This project investigates how Large Language Models (LLMs) can directly orchestrate robot behavior, bridging high-level intentions and low-level action sequences. PyBullet is used as a reproducible simulation environment to prototype and evaluate LLM-guided policies for a robotic gripper arm, including grasping, placement, and simple manipulation routines.
The pipeline translates natural-language goals into structured action plans, executes them in PyBullet, and incorporates state feedback and failure signals to refine prompts, constraints, and controllers. The objective is to map language to reliable closed-loop control, benchmarking success rates, safety, and sample efficiency entirely in simulation before transferring to hardware.
Furthermore, the project aims to provide diverse environments for investigating different aspects of workflow generation within this context.
The WorldManager
abstracts the environment in PyBullet and provides a unified interface for querying objects.
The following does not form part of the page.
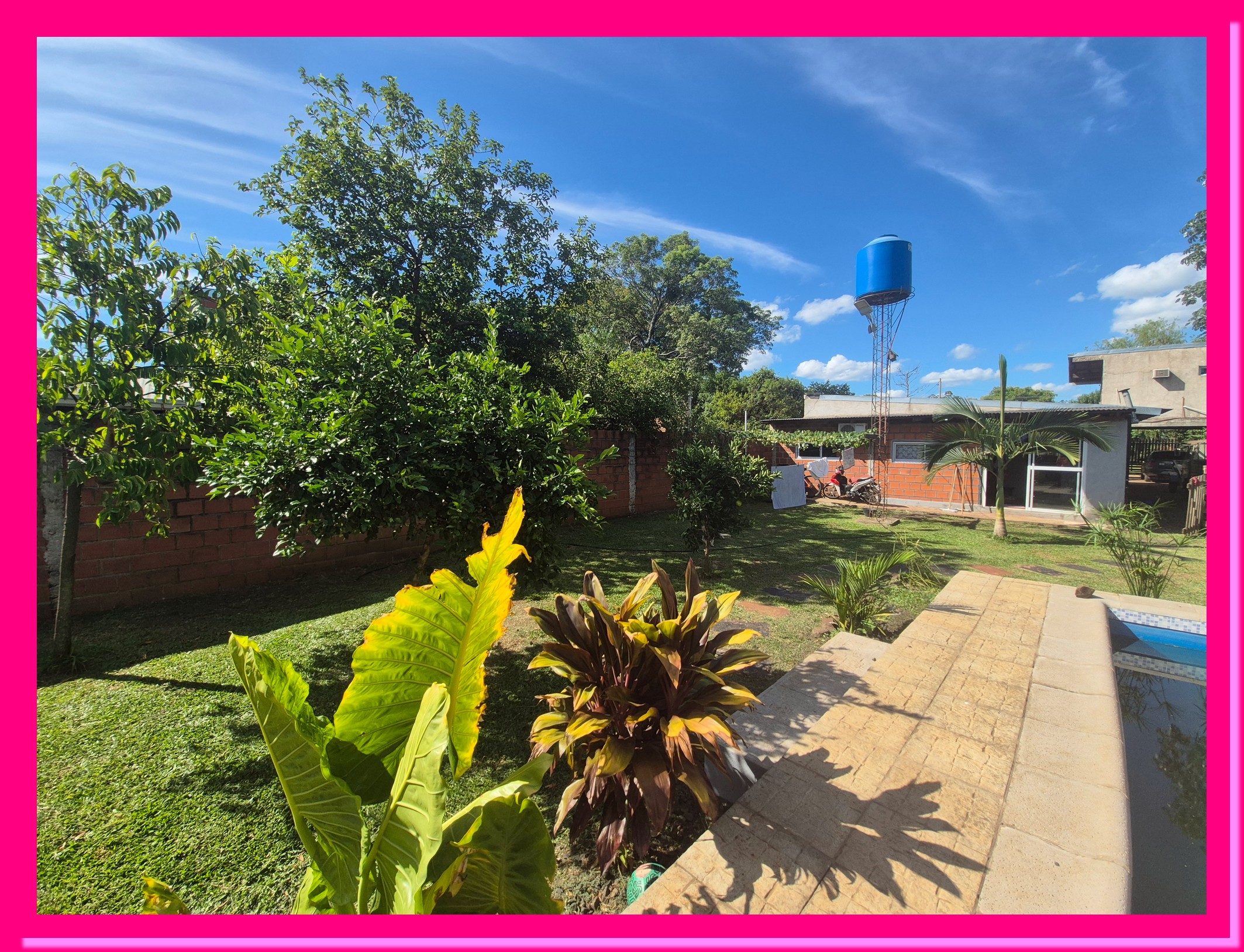 Espacios de Recreación: Piscina de material, amplio patio parquizado y segundo baño social en construcción (sector externo).

It consists of instances of WorldObject
for retrieving object related details such as the orientation or the position. It is used for providing environment related information to the prompt.
The ArmController
abstracts required joint movements and implements related state management. It provides high-level methods for performing gripper opening, closing and moving.
The WorkflowManager
and its related classes provide the infrastructure for workflow generation, transitions, and event handling. The WorkflowGenerator
class is responsible for interfacing with an external LLM. NodeTransformer classes, such as WorkflowAsynchronousNodeTransformer
, implement visitors for transforming Abstract Syntax Tree (AST) representations of LLM-generated workflows. While WorkflowFunctions
offers a high-level interface to registered functions, WorkflowEventListeners
provides signaling and hooking mechanisms that are useful for extension, tracing, and debugging.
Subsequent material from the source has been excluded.